▶ _PROVIDED MATERIAL_:
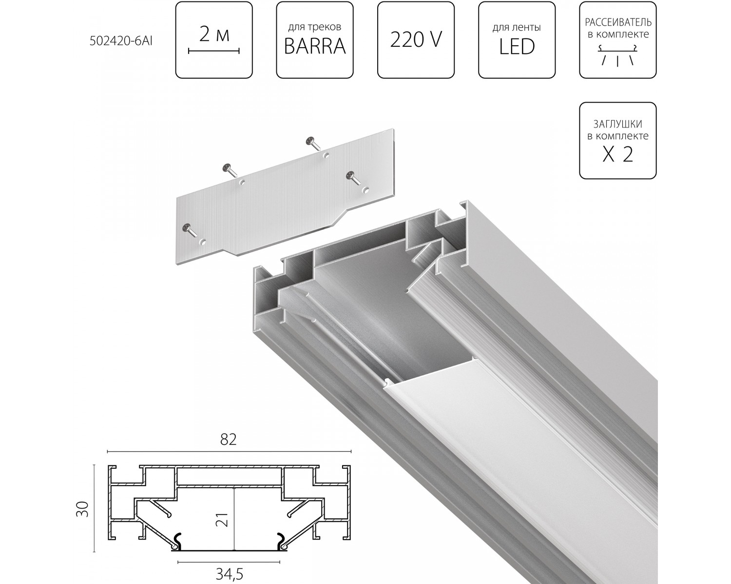 Профиль встраиваемый в натяжной потолок под LED ленту до 30мм либо под трек Barra (1упаковка=6шт) Barra Base Lightstar 502420-6AI идеально впишется в любой интерьер, украшая повседневную жизнь. Уникальный дизайн и трендовый цвет создаст ощущение уюта и тепла в любом помещении.
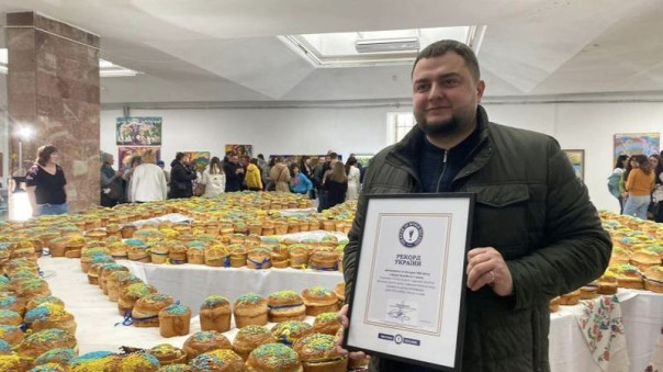 Новый украинский рекорд: львовяне выложили трезубец из 1000 пасхальных куличей за 25 минут и 17 секунд
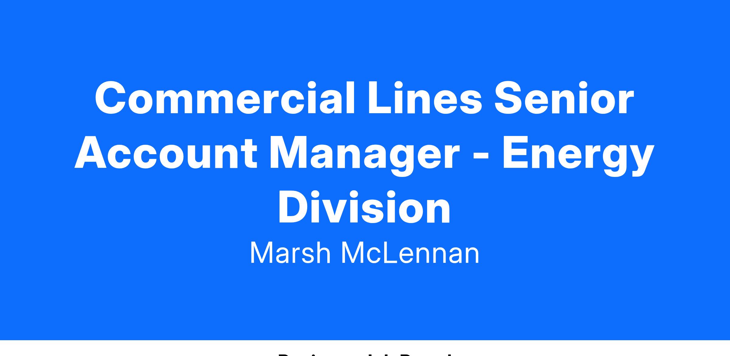 As our Senior Account Manager on the Commercial Lines Energy team, you'll be primarily responsible for independently marketing smaller/or less complex accounts. Exercise independent decisions relating to client analysis of coverage, recommending coverage needs, and suggesting new lines of coverage for existing clients. Be viewed as a leader and resource by colleagues and peers who provides exceptional client service and serves as a mentor to others. Be knowledgeable of coverages, carrier guidelines, underwriting, legislative changes, and maintain relationships with clients and carrier representatives. Develop strong relationships with carriers and clients. Support Producer and Marketing Account Executives in managing larger and/or more complex accounts.

▶ _WHAT YOU NEED TO DO_: What is needed is an exact retyping of the lines from the start of the data through the line with "Новый украинский рекорд: львовяне", with both end lines kept and every picture left out.

▶ _OUTPUT FOR THIS TASK_:
 Профиль встраиваемый в натяжной потолок под LED ленту до 30мм либо под трек Barra (1упаковка=6шт) Barra Base Lightstar 502420-6AI идеально впишется в любой интерьер, украшая повседневную жизнь. Уникальный дизайн и трендовый цвет создаст ощущение уюта и тепла в любом помещении.
 Новый украинский рекорд: львовяне выложили трезубец из 1000 пасхальных куличей за 25 минут и 17 секунд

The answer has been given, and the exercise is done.